The results showed that federated techniques improved the performance of the AI model by 27.6%, when compared to the performance of models trained using just an individual hospital’s data, and that the federated model generalised well across sites, making it safe and effective to use.

The Oxford team previously developed an AI test to rapidly screen patients arriving in emergency departments for COVID-19 using clinical information routinely available within the first hour of coming to hospital, but in previous work had centralised the data at the University of Oxford.

The study was led by Dr Andrew Soltan, NIHR Academic Clinical Fellow at the University of Oxford, and Oncology Specialty Registrar and Fellow in Clinical Artificial Intelligence at OUH. He said: “Building AI models that are fair and inclusive is most achievable when models can be trained with diverse data. Sometimes that might mean training models using data from different parts of the UK, and sometimes also working with data from abroad.

Rather than asking hospitals to shoulder the technical burden of taking part in the federated learning, our new approach meant that we - as researchers - did as much of the set-up as possible ourselves before the devices reached the hospitals. By making it easy to train models without moving data, we hope our new full-stack federated learning approach can lead to better and fairer models, which can be developed more quickly, while respecting patient privacy and data sovereignty laws. Together, this might pave the way for the kinds of AI interventions that will lead to improvements for patients in the NHS and those abroad.”

Professor David Eyre, Professor of Infectious Diseases at the University of Oxford’s Big Data Institute and an OUH consultant, is a co-author on the study. He added: “This is a really exciting development that could see hospitals from across the NHS working together to build AI tools to improve patient care, without any patient data ever having to leave each hospital. This tool could have really made a difference during COVID, and we are aiming to have tools like it in use in the NHS in the near future.”

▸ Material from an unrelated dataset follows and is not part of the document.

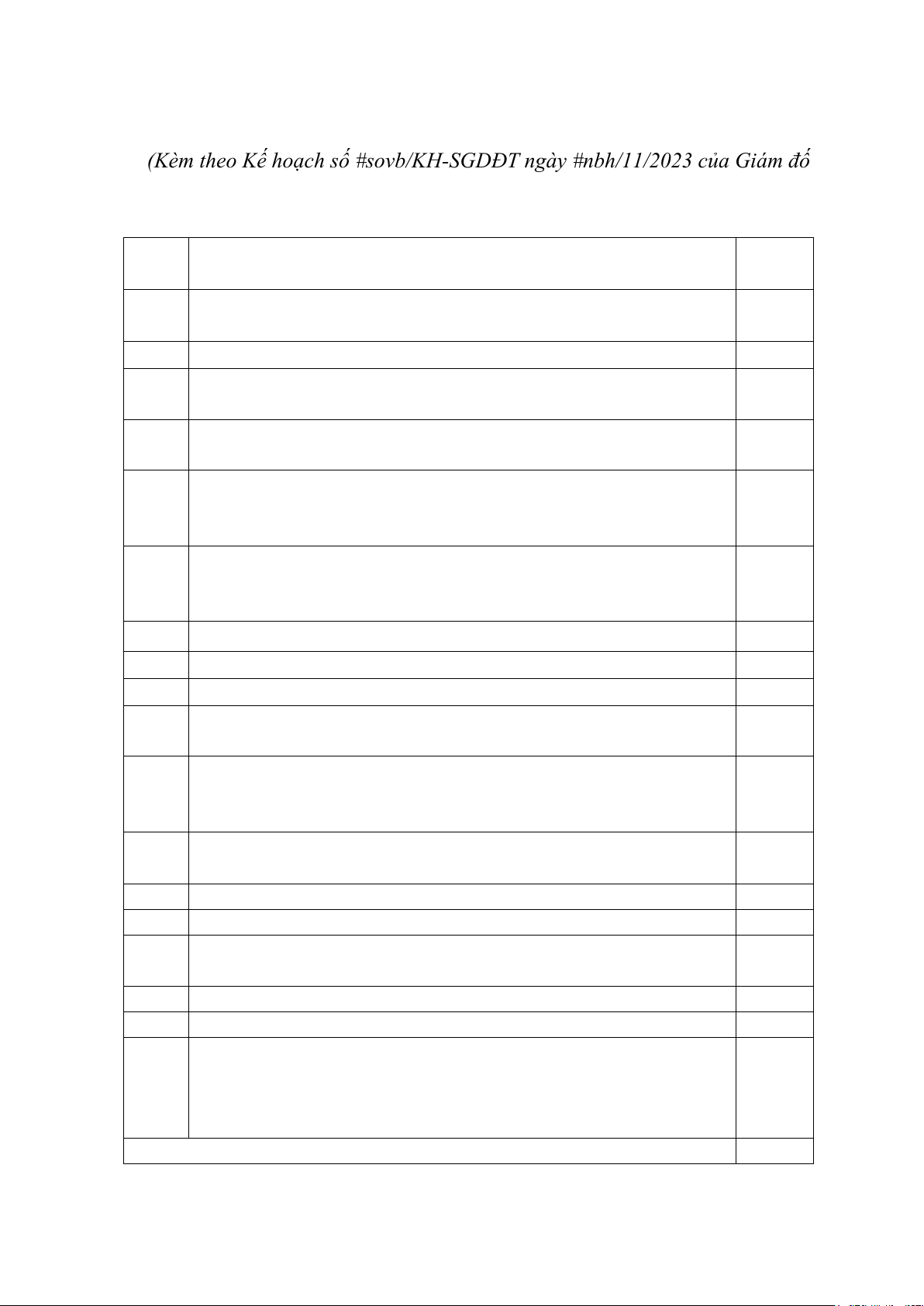 (Kèm theo Kế hoạch số #sovb/KH-SGDĐT ngày #nbh/11/2023 của Giám đốc

Professor David Clifton, Chair of Clinical Machine Learning at Oxford and NIHR Research Professor, described the project as “an exciting demonstration of getting safe, reliable AI models into the NHS, showing the potential of contemporary AI for contributing to patient care. Federated learning allows us to ‘have our cake and eat it’, in that we can develop useful tools within the hospital’s secure systems, while linking models – and not data – across hospital sites in a manner that demonstrably adheres to best-practice governance for patient data.”

 

The National Institute for Health and Care Research (NIHR) Oxford Biomedical Research Centre (BRC) is based at the Oxford University Hospitals NHS Foundation Trust and run in partnership with the University of Oxford.

The mission of the NIHR is to improve the health and wealth of the nation through research and is funded by the Department of Health and Social Care. Its work in low- and middle-income countries is principally funded through UK Aid from the UK government.